96: Just One Gift

96: Just One Gift

From Chicken Soup for the Soul: A Book of Christmas Miracles

Just One Gift

Gratitude is the memory of the heart.

~Jean Baptiste Massieur

It was the only Christmas gift I had ever received, and I remember it still. I was six years old, and my mother handed me the brightly wrapped box, explaining it was from her boss at the office where she worked. I nervously held the package in my lap, almost too afraid to open it. Why had a complete stranger given me a present?

My mother was a single parent and often worked several jobs to make ends meet. There usually wasn’t much money left for extras. But that wasn’t the reason why we never owned a Christmas tree or any gifts beneath it. I’d never received a Christmas gift because we are Jewish.

“He couldn’t believe you didn’t have anything to open on Christmas morning,” my mother told me. “He wanted me to give this to you.”

Although she explained to him that we celebrated Hanukkah and I’d received presents then, he insisted that all children should have a gift to open on Christmas. I could tell she felt uncomfortable, and I did, too. Still, I was only six and couldn’t wait to see what was inside.

I carefully unwrapped the box and found a Raggedy Ann doll. Her red yarn hair was soft, and her black button eyes shone. I held her close, and she soon became my favorite toy. I may not have been able to describe the feeling then, but now I know what I felt — it was the Christmas spirit.

Growing up Jewish in a world that celebrates Christmas wasn’t always easy. No colorful lights, decorated trees, or trips to see Santa Claus.

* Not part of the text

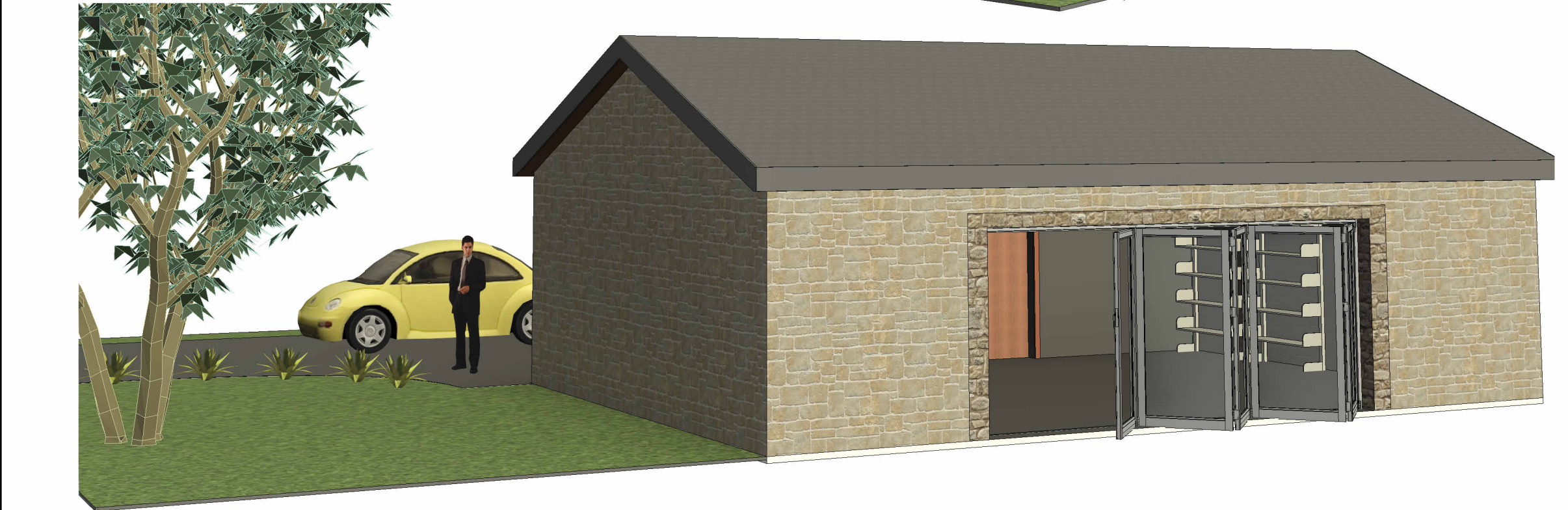
3 3D View 3
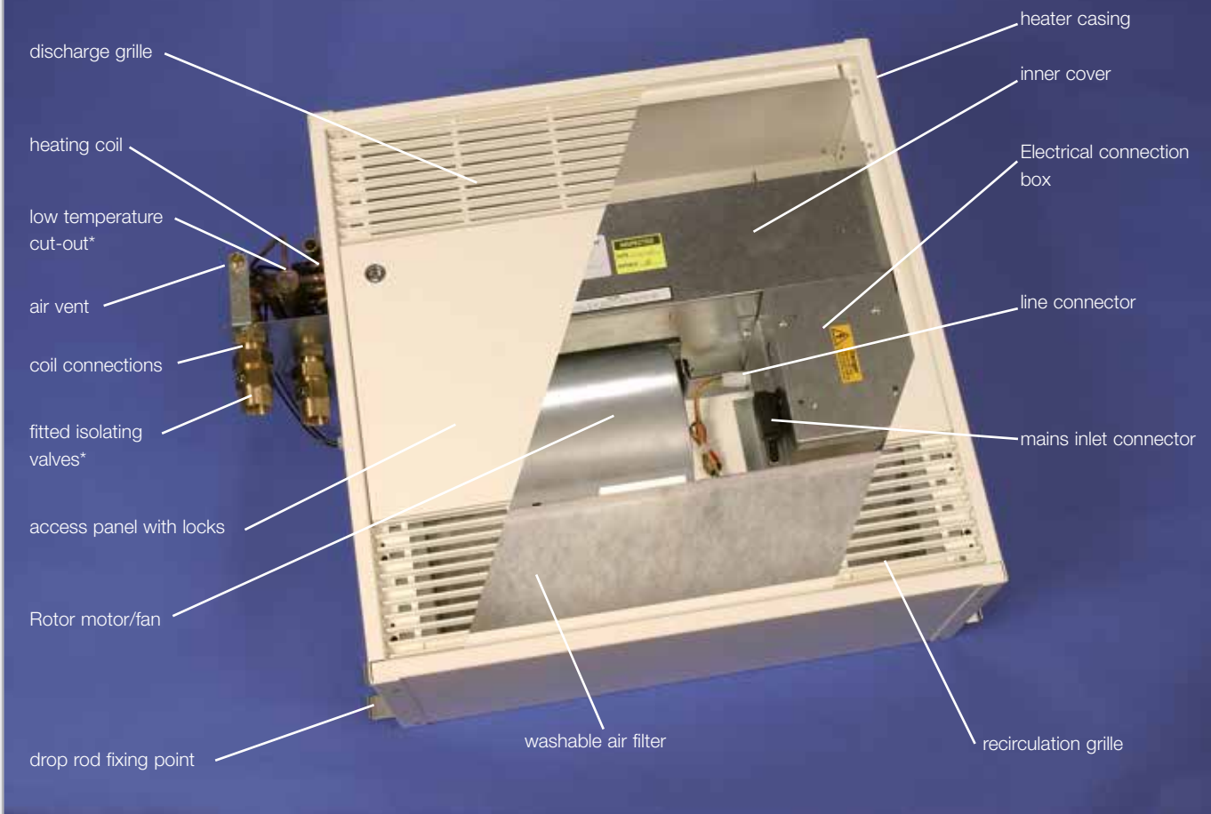
Model 600 - 6 (left hand connections, right hand opposite)

Our Hanukkah celebrations were fun — lighting the menorah, spinning the dreidel, and having the benefit of eight nights on which to open gifts. Still, each December we were reminded of our differences.

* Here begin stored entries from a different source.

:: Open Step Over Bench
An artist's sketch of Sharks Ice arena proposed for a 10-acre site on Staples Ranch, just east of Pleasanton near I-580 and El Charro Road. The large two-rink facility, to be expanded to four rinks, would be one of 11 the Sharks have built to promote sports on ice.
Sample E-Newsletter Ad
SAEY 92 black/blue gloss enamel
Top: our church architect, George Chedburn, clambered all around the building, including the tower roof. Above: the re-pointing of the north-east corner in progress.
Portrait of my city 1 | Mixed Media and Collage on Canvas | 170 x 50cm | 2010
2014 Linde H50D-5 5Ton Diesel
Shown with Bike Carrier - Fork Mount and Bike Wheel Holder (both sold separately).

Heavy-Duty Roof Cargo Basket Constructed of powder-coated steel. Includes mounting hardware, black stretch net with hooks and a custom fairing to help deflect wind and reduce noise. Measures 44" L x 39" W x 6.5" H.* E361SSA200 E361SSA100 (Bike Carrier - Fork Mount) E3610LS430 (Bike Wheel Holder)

But to my mother’s boss, our differences didn’t matter. What did matter were the magic of the season and the sharing of joy, and those don’t differentiate between Christian and Jewish children. He just wanted to share his joy with me.

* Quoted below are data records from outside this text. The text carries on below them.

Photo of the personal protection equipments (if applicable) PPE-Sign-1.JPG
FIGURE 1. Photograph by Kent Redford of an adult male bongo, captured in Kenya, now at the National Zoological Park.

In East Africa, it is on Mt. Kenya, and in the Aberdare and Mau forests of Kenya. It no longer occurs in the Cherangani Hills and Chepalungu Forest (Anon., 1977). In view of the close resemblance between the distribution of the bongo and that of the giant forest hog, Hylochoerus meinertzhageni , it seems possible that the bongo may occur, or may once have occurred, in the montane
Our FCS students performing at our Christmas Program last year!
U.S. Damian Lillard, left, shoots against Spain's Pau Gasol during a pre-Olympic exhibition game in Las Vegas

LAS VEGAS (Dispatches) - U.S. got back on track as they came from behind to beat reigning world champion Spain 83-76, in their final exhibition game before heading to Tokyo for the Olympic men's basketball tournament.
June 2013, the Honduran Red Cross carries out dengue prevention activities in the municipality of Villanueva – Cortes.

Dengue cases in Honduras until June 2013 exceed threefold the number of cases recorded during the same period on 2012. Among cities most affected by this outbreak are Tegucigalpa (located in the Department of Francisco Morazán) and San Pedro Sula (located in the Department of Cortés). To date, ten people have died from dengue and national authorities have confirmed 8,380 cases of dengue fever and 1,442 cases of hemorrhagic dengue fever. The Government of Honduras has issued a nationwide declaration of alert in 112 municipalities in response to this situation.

So, even though I don’t celebrate the holiday, I understand what the Christmas spirit is all about. It doesn’t matter what religion you follow, or even what you call it.

It’s the spirit that prompts people to buy a toy for a child who may not receive any others. It’s the spirit that brings Jews into soup kitchens to serve Christmas dinners, or drop coins in a tzedakah box for the needy. It’s about sharing your own joy with others, no matter who they are.

I don’t remember if I wrote the giver a thank-you note, but I hope I did. More than thirty years later, while I don’t know what happened to that doll, I still have the most important gift he gave me — the gift of Christmas spirit.